May 2d Again, a cold rain—a lady came in this morning who in the course of her talk told me the “Russia” was telegraphed from Queenstown Thursday night. I can’t quite believe that yet I awoke this morning feeling that today was his day of joy. It rains here!!

I cannot help rehearsing in my mind the intense joy of his beloved. It is too much to face, even in one’s imagination and too sacred. Yet I know today to be the day and these hours, his hours. Surely among the most painfully & joyfully intense of his whole life. I hope and believe he is well once more. Tomorrow Gad’s Hill!!

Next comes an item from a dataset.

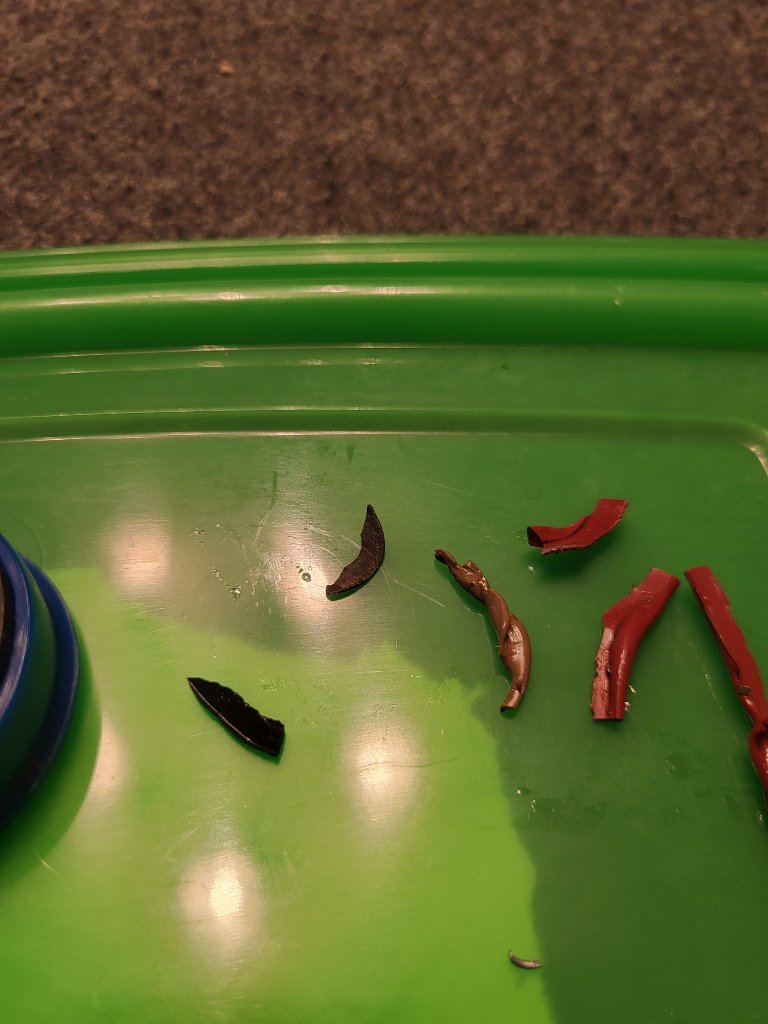 Hat jemand eine Idee woher die Späne rühren könnten + Woher das Gummi kommen könnte ?

In the meantime our dear home life loses nothing, but rather gains; beside, do we not see Dickens here too? Added to all the other sweet associating? How delightfully the rain shuts us in. J. read me at breakfast a new grand poem by Lowell upon “June” making him among the very finest of our time.

My love came home early too in the afternoon, as early as a long visit from C.E. Norton would allow. Norton thinks he does not care for the attacks which have been made upon him by the Cambridge journals on account of the touch he gave Cambridgeport in his speech at the Dickens dinner. Yet it will not be easy to live down so much petty ill-feeling and I grieve to think it should have been excited by him. If he were not going so soon to England to remain a long time I know he would feel it more. He is bitter too against the Saturday Club (this from sympathy with Lowell) because the members proposed at the last meeting were all black-balled. He thinks they must have a new Club which would be a sad thing; it would be a square split I am afraid and now at times they do have grand social festivals. I hope the trouble will die out in talk especially as Norton goes away and Lowell I hope and believe would never organize the opposition himself.

We both feel drawn to the Nortons by our mutual love for Dickens. He sent me yesterday his condolences.